_About this exercise:_
Reproduce only what runs from the line containing "冬日暖阳下,甜美少女轻抚围巾,温柔动人。🌞💕" to the line containing "authors:victor hugo |" in the records below, inclusive. Keep it exact, and keep the pictures out.

_Provided records:_
* * * *

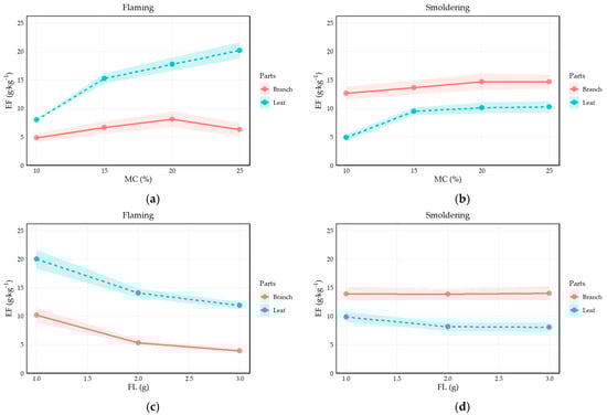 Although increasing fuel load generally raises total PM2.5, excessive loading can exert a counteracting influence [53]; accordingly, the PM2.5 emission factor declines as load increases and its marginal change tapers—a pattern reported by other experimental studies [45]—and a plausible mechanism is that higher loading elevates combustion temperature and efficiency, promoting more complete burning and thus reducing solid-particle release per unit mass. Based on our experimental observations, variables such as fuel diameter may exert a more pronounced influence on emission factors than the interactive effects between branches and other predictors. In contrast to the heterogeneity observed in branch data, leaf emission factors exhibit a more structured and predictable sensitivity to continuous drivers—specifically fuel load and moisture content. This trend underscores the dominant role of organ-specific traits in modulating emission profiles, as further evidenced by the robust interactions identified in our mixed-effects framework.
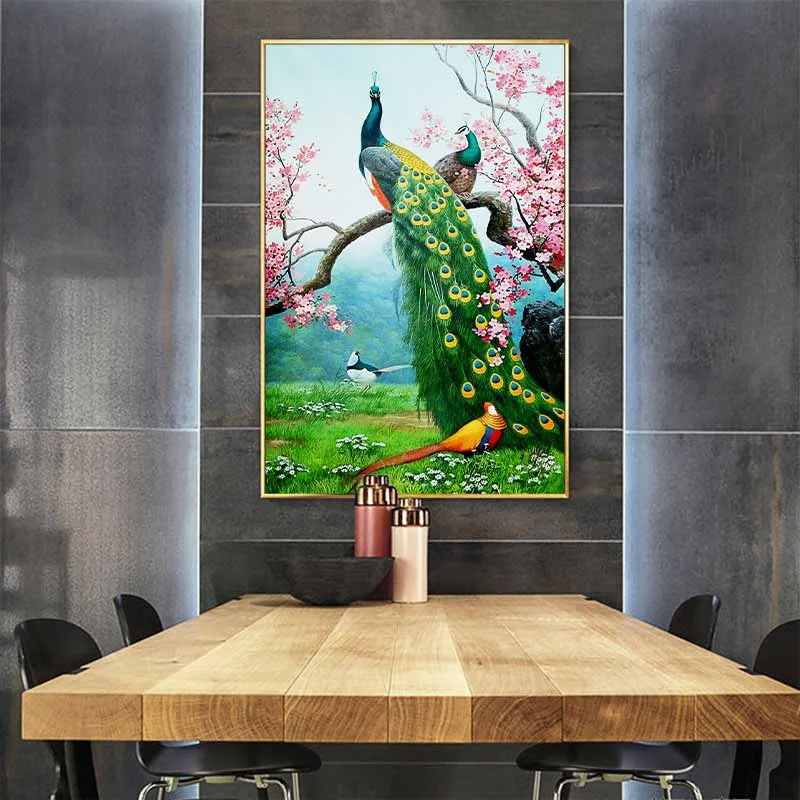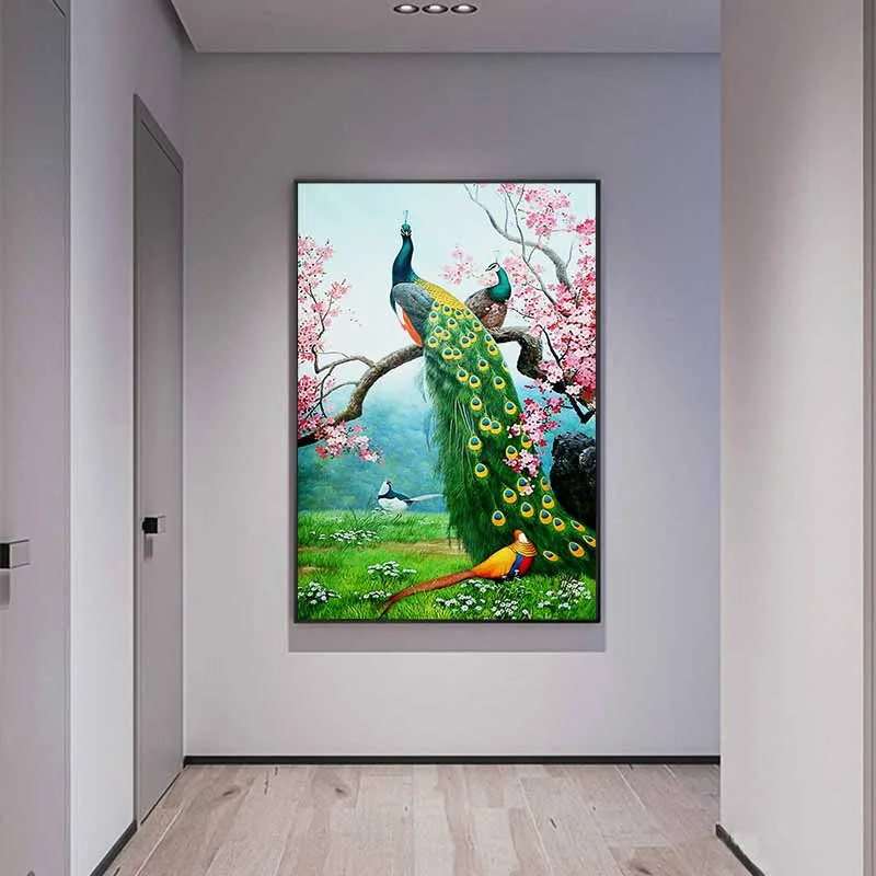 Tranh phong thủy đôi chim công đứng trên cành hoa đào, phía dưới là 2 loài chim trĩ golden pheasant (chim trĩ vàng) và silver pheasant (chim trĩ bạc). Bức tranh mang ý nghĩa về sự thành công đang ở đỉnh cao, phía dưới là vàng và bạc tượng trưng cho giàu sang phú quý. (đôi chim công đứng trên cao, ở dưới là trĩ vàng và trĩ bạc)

* * * *

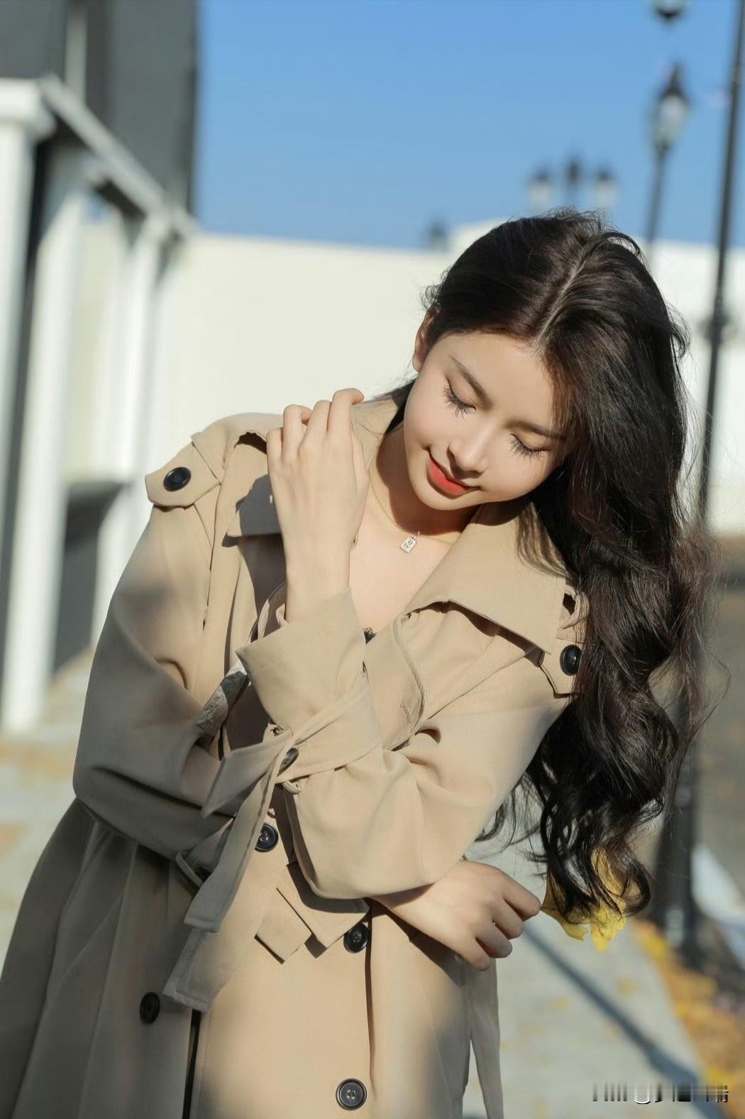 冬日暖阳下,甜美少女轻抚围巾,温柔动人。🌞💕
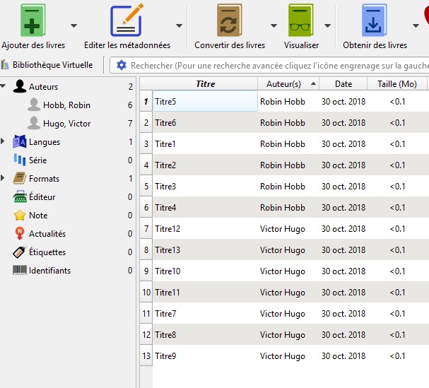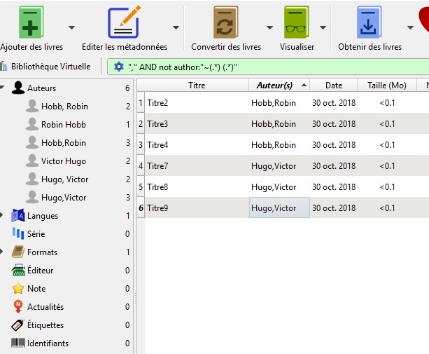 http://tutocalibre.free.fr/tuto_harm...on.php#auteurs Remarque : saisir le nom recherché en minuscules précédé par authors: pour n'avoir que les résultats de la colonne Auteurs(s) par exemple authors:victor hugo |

* * * *

_Task response:_
 冬日暖阳下,甜美少女轻抚围巾,温柔动人。🌞💕
 http://tutocalibre.free.fr/tuto_harm...on.php#auteurs Remarque : saisir le nom recherché en minuscules précédé par authors: pour n'avoir que les résultats de la colonne Auteurs(s) par exemple authors:victor hugo |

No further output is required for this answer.